**Your instructions**
Check each line of the material below for the word "blue". State how many lines have it, and nothing more.

**Source information**
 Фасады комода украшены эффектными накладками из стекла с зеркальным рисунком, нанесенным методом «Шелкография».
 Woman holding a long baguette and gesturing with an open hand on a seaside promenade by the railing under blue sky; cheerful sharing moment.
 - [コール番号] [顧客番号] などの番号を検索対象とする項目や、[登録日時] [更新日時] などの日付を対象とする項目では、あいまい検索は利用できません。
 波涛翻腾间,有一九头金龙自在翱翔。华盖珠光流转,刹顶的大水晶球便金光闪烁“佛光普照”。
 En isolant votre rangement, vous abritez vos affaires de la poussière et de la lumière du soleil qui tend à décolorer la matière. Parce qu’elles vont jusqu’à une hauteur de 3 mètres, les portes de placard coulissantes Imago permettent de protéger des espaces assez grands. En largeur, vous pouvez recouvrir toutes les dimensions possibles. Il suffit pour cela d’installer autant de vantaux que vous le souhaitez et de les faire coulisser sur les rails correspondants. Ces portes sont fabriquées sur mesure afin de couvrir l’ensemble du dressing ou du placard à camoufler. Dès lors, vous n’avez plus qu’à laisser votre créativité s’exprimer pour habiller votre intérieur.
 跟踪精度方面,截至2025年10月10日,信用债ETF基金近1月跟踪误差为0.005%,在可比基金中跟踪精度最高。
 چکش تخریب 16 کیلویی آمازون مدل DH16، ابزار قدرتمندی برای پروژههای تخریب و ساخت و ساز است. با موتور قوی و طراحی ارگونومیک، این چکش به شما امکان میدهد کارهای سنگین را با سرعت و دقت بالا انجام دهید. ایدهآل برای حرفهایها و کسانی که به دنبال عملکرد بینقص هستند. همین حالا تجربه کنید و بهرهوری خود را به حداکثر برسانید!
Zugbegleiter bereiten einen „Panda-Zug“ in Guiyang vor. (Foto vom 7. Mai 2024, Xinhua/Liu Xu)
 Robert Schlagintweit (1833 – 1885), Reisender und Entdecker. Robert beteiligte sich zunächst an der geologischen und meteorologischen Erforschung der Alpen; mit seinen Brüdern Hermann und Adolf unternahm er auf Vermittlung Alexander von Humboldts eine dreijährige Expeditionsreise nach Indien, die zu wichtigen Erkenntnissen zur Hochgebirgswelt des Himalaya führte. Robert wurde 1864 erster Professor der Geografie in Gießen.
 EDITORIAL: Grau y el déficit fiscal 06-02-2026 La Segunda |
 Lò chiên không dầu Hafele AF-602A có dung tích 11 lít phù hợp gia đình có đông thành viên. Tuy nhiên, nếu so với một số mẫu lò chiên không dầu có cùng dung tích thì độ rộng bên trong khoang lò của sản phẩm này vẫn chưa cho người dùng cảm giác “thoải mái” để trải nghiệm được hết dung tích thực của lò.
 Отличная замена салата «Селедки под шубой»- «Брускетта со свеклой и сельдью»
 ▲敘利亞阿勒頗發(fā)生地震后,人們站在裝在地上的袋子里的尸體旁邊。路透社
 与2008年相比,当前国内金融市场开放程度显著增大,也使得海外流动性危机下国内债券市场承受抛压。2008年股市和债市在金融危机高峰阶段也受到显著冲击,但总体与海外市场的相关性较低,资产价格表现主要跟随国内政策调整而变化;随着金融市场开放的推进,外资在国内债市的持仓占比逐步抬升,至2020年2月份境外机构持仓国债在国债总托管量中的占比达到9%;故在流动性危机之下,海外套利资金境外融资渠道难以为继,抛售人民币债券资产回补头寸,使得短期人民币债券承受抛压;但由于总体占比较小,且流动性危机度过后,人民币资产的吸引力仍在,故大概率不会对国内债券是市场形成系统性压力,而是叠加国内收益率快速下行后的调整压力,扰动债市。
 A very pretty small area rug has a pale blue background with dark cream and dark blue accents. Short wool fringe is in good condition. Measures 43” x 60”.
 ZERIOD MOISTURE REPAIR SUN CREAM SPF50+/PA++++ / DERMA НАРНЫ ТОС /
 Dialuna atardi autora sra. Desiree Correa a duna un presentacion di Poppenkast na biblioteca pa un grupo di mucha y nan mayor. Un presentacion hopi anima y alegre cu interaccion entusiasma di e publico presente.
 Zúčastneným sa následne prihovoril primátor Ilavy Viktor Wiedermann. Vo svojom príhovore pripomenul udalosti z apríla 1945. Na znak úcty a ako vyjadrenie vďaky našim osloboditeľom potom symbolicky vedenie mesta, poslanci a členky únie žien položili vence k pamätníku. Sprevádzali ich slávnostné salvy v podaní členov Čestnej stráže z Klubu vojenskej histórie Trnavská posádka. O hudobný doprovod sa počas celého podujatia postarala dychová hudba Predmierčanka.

**Answer to the problem**
2